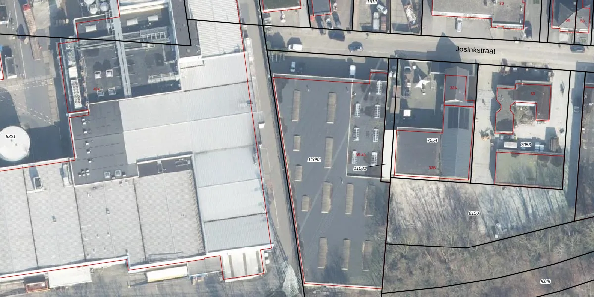 Het perceel waarop Josinkstraat 41 staat heeft een oppervlakte van 2753 m². Dit is een zeer groot perceel. De perceeloppervlakte wordt geregistreerd door het Kadaster. Gedetailleerde informatie over de maten van dit perceel kunt u vinden in het rapport Kadastrale kaart met maatvoering van Josinkstraat 41.
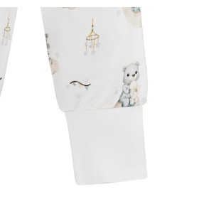 Unzipped baby bodysuit sewn from soft and delicate material, very pleasant to the touch. Made of carefully selected organic cotton. The bodysuit is fastened with anti-allergenic nickel-free fasteners. Convenient envelope closure makes it very easy to put on for parents.
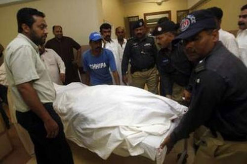 5月23日晚,巴基斯坦穆斯林聯(lián)盟(謝里夫派)副主席塔里克·漢在卡拉奇遭不明身份人員槍擊身亡,圖為警察在轉(zhuǎn)運尸體(國際在線配圖)
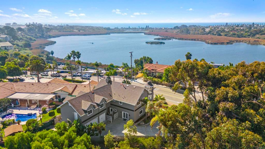 Ocean and lagoon views. ALL Utilities Included! West of I-5. Open floor plan. Available immediately for rent. One year lease with optional month-to month extension. Bring your pets! Located just a few blocks from Carlsbad Village, this unfurnished 4 bedroom, 4 bath two story home, west of the 5, with gorgeous views across the Buena Vista Lagoon and the ocean beyond, is a perfect home for a large family or group of friends looking for the perfect coastal retreat. A modern, upgraded kitchen located upstairs provides sweeping blue views. The second floor also boasts one of two primary suites, a secondary bedroom, bathroom and laundry room. The downstairs living area feels like its own house, with a separate living/great room, the second primary suite with ocean views, large bathroom with dual sinks, walk-in closet and a huge soaking tub and a smaller secondary bedroom and bathroom. With over 3,000 feet of living space on a 0.25 acre lot, there’s plenty of space to spread out and entertain. Rental price includes all utilities (water, trash, sewer, Internet, SDGE) and landscaping maintenance. Central AC. Two car garage and plenty of driveway and off street parking available. Please note that a separate tenant will be occupying the apartment located above the garage. This ADU is completely separate from the main house and has its own gated entrance and yard.
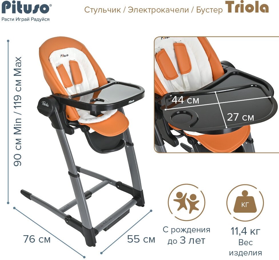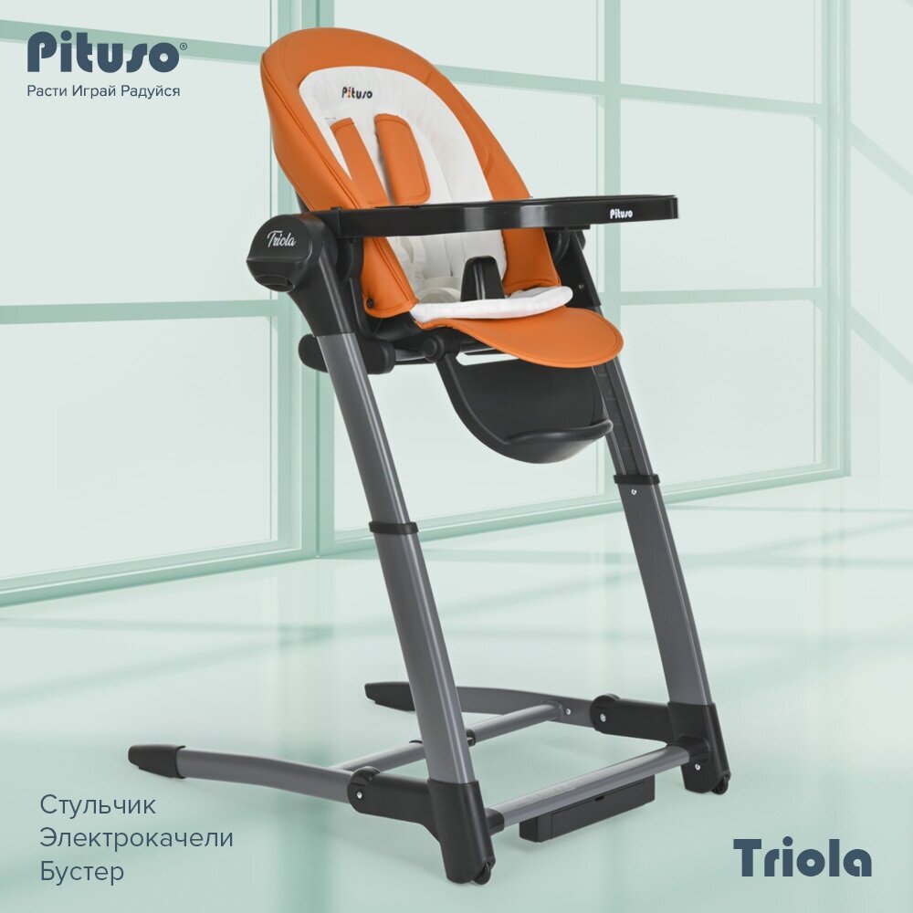 Лучшие цены. Pituso Triola — уникальный стульчик для кормления и электрокачели. В зависимости от возраста используется следующим образом: От 6 месяцев до 1 года — электрокачели От 0 до 3 лет — стульчик для кормления Характеристики: Складная компактная рама Легкомоющийся съемный чехол из экокожи Мягкий комфортный вкладыш Регулируемая спинка 7 уровней регулировки по высоте Регулируемая подставка для ног Стул оснащен колесами, обеспечивающими легкий ход 2 положения регулировки столешницы с подносом 5-ти точечный ремень. Магазины в вашем городе.
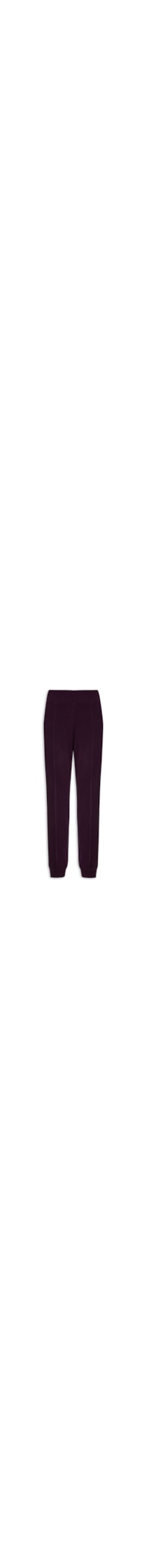 a calça Roxa é Confeccionada Em malha De Média Elasticidade. A Peça Solta Ao Corpo, Possui Cintura Alta, Cós Com Elástico Embutido, Recortes Frontais, Leve Franzido Posterior, Tag Metalizada Da Marca Aplicada Na Parte Posterior Do Cós, Barra Afunilada E Comprimento Longo.
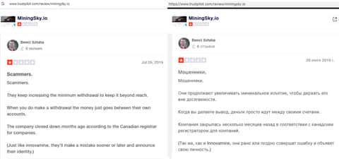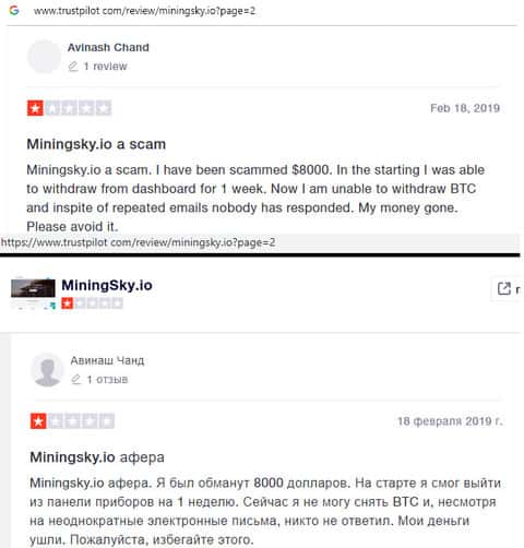 - Подробный отзыв о мошенничестве со стороны конторы MiningSky
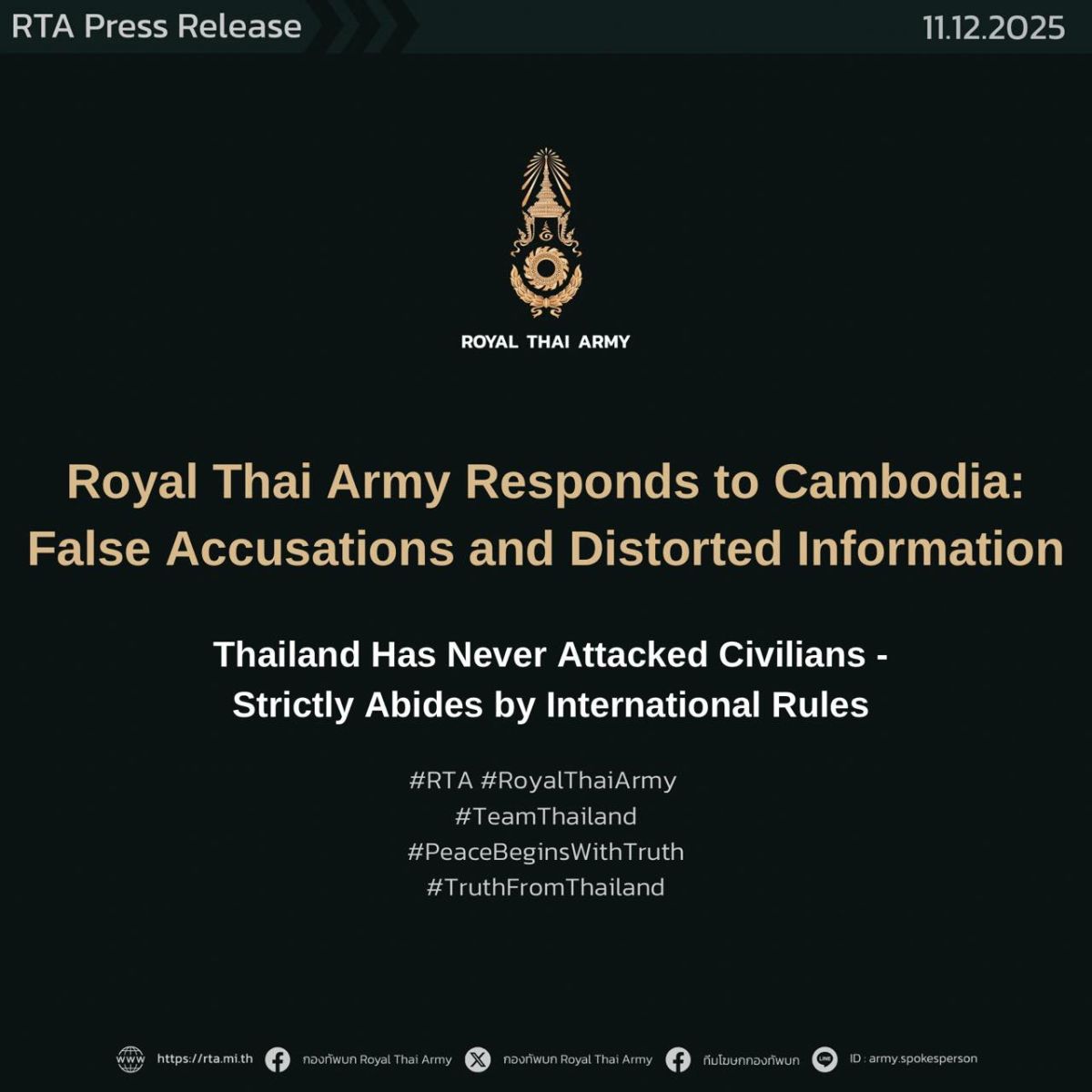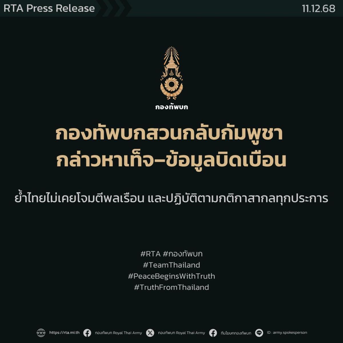 (11 ธ.ค.68) พลตรี วินธัย สุวารี โฆษกกองทัพบก กล่าวว่าจากถ้อยแถลงของพลโท มาลี โสเจียตา โฆษกกระทรวงกลาโหมกัมพูชา เมื่อ 11 ธ.ค.68 เป็นการกล่าวที่บิดเบือนไปจากข้อเท็จจริงทุกประเด็น ดังนี้
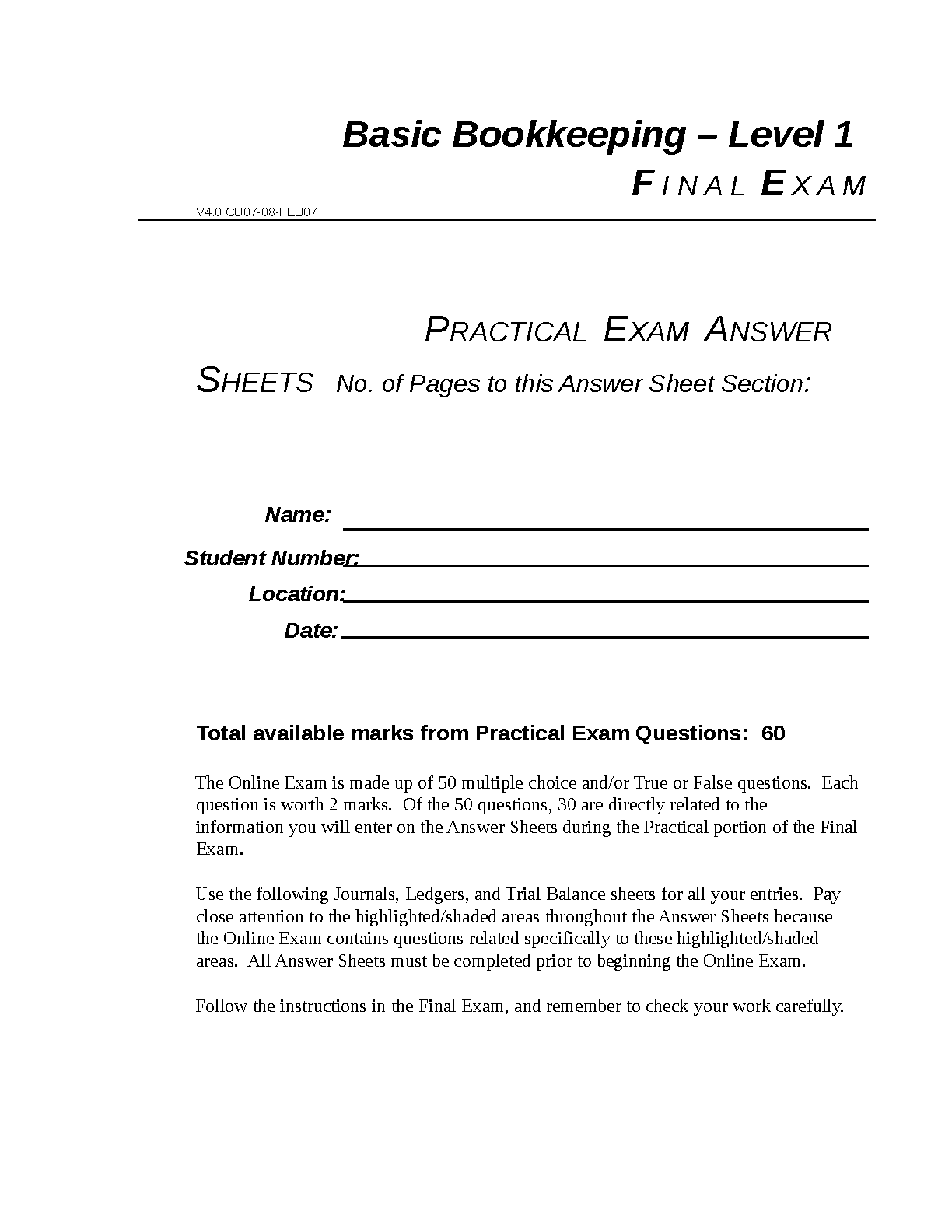 Test Bank for Basic Bookkeeping Level 1: Complete Final Exam with Practical Answer Sheets
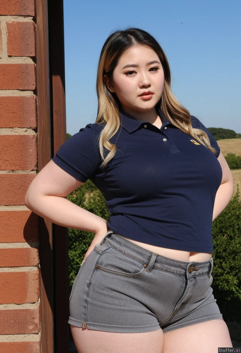 Hyper realistic, extremely beautiful 19 year old korean supermodel, preppy country girl, dark hair dyed with blonde highlights, sunny day, country photoshoot (front view), showing off for the camera, Set((Grey Jean shorts), (Preppy navy polo top)), ((Wide hips)), (plump), (fat_belly), female, curvaceous, thick_thighs, bbw, bottomheavy, plump
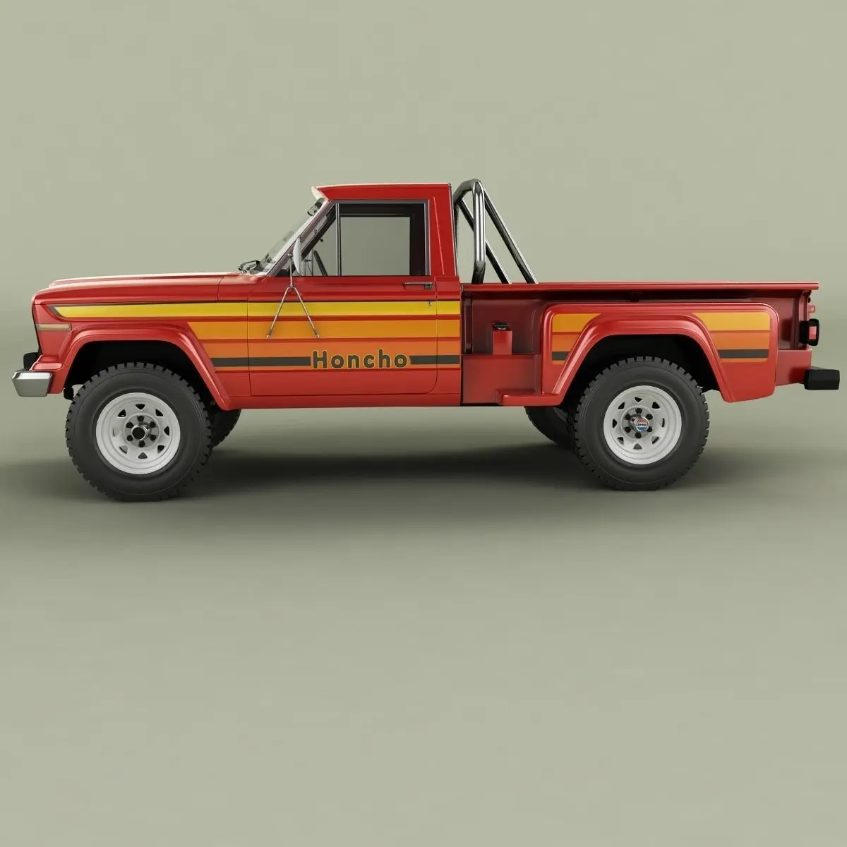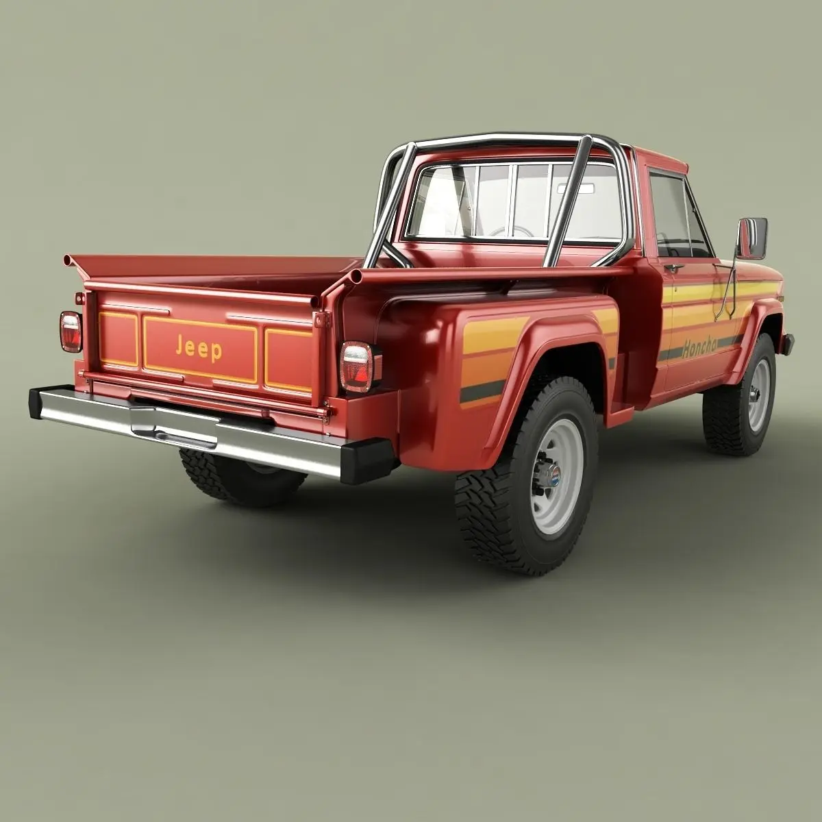 High detailed, correctly scaled model of 1981 Jeep J10 Sportside Pickup. Originally created with 3ds Max 8. Rendered with V-Ray , files with standard materials are included. Unit system is set to metric units. Model is built to real world scale. Geometry is Editable Poly (quads/tris only). TurboSmooth is use separately to objects (64 of 129 named objects) with iterations 2 (1070621 polys, 606747 vert.). Each file was checked before upload. Materials and textures are included (5 textures - jpg 1024X1024).
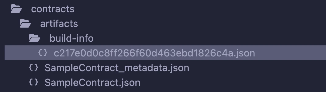 • artifacts/build-info/<dynamic_hash>.json: contains info about solc compiler version, compiler input and output. This file is generated similar to the files generated through Hardhat compilation. You can also try Hardhat compilation from Remix.
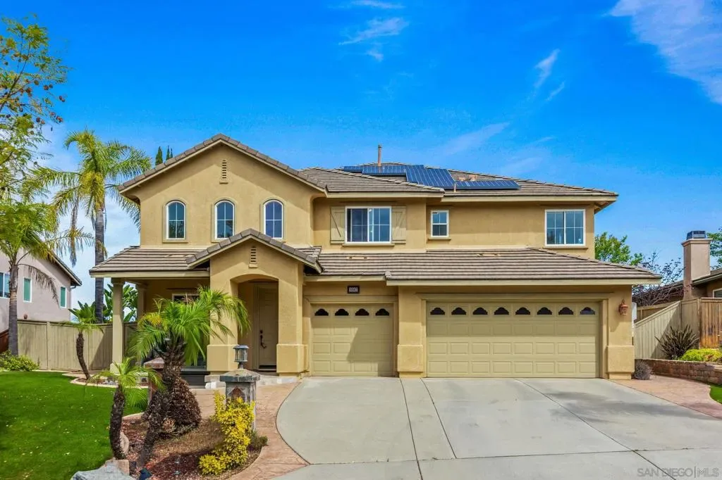 Owned Solar! Views! EV Ready! Stunning 5BR/3BA home in Hidden Meadows featuring soaring ceilings and panoramic golf course/hillside views. Modern layout includes a gourmet granite kitchen, entry-level bed/bath, entry-level bedroom, entry-level office and a spacious family room with custom built-ins. Huge primary suite offers a private fireplace and dual closets. 4 Low-maintenance yard, 220V EV charger, and fully owned solar. Enjoy resort-style living with community pools, tennis, golf, and clubhouse. Your North County retreat awaits!
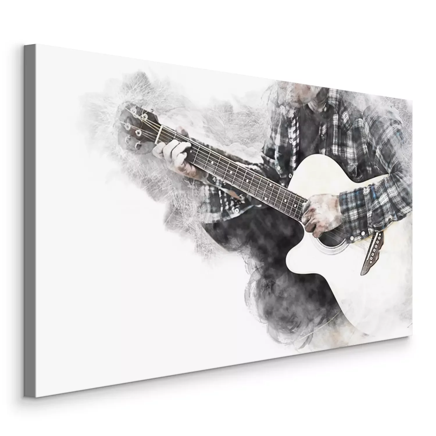 Canvas Abstract beautiful man guitarist playing acoustic guitar in the foreground on Watercolor painting background and Digital illustration brush to art.
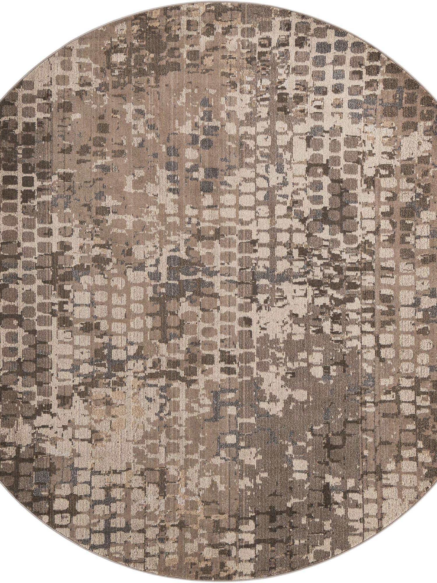 Gray 8' x 8' Chromatic Round Area Rug 100% Polypropylene With Cotton Backing Abstract Modern Colorful Carpet Mat for Home Decor & Interior Design
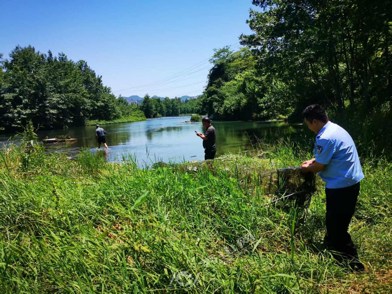 漁政人員清理河道地籠 梅江鎮(zhèn)提供
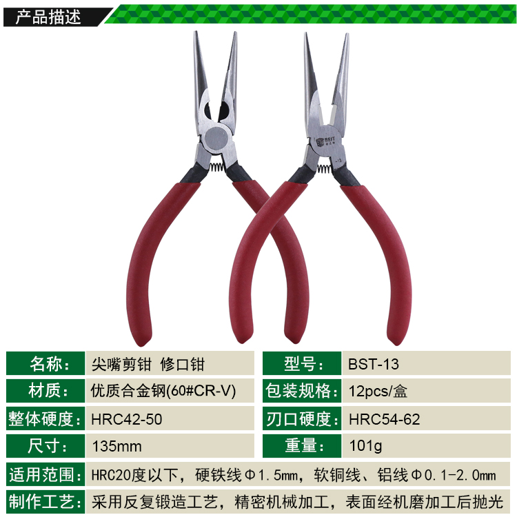 ? 产品名称: 尖嘴剪钳 尖咀钳 修口钳? 产品型号: BST-13? 产品类别: 钳子系列
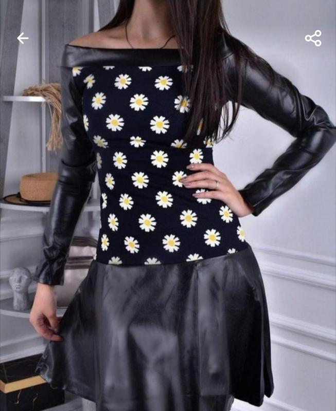 Платье женское🌿ДЕМИСЕЗОН🍁 Ткань: трикотаж+еко кожа Размер: М, L. 🌿Параметры модели: Рост-165 см П. Объем груди - 45 см П. Объем талии - 33 см П. Объем бедер - 48 см На модели размер М. 🌿Замеры: Размер : М, ширина плечей 41 п. обхват грудей 40 п. обхват талии верх 33,5 п. обхват стегон верх 53 длина рукава 55,5 длина изделия верх 88 Размер : L ширина плечей 43 п. обхват грудей 41 п. обхват талии верх 35 п. обхват стегон верх 70 длина рукава 56 длина изделия верх 89 Цвет: Синий, Черный

+++

Please give back an exact copy of the entries above from their first line through the line containing "5月23日晚,巴基斯坦穆斯林", leaving the pictures aside.

## EXPECTED ANSWER
 Het perceel waarop Josinkstraat 41 staat heeft een oppervlakte van 2753 m². Dit is een zeer groot perceel. De perceeloppervlakte wordt geregistreerd door het Kadaster. Gedetailleerde informatie over de maten van dit perceel kunt u vinden in het rapport Kadastrale kaart met maatvoering van Josinkstraat 41.
 Unzipped baby bodysuit sewn from soft and delicate material, very pleasant to the touch. Made of carefully selected organic cotton. The bodysuit is fastened with anti-allergenic nickel-free fasteners. Convenient envelope closure makes it very easy to put on for parents.
 5月23日晚,巴基斯坦穆斯林聯(lián)盟(謝里夫派)副主席塔里克·漢在卡拉奇遭不明身份人員槍擊身亡,圖為警察在轉(zhuǎn)運尸體(國際在線配圖)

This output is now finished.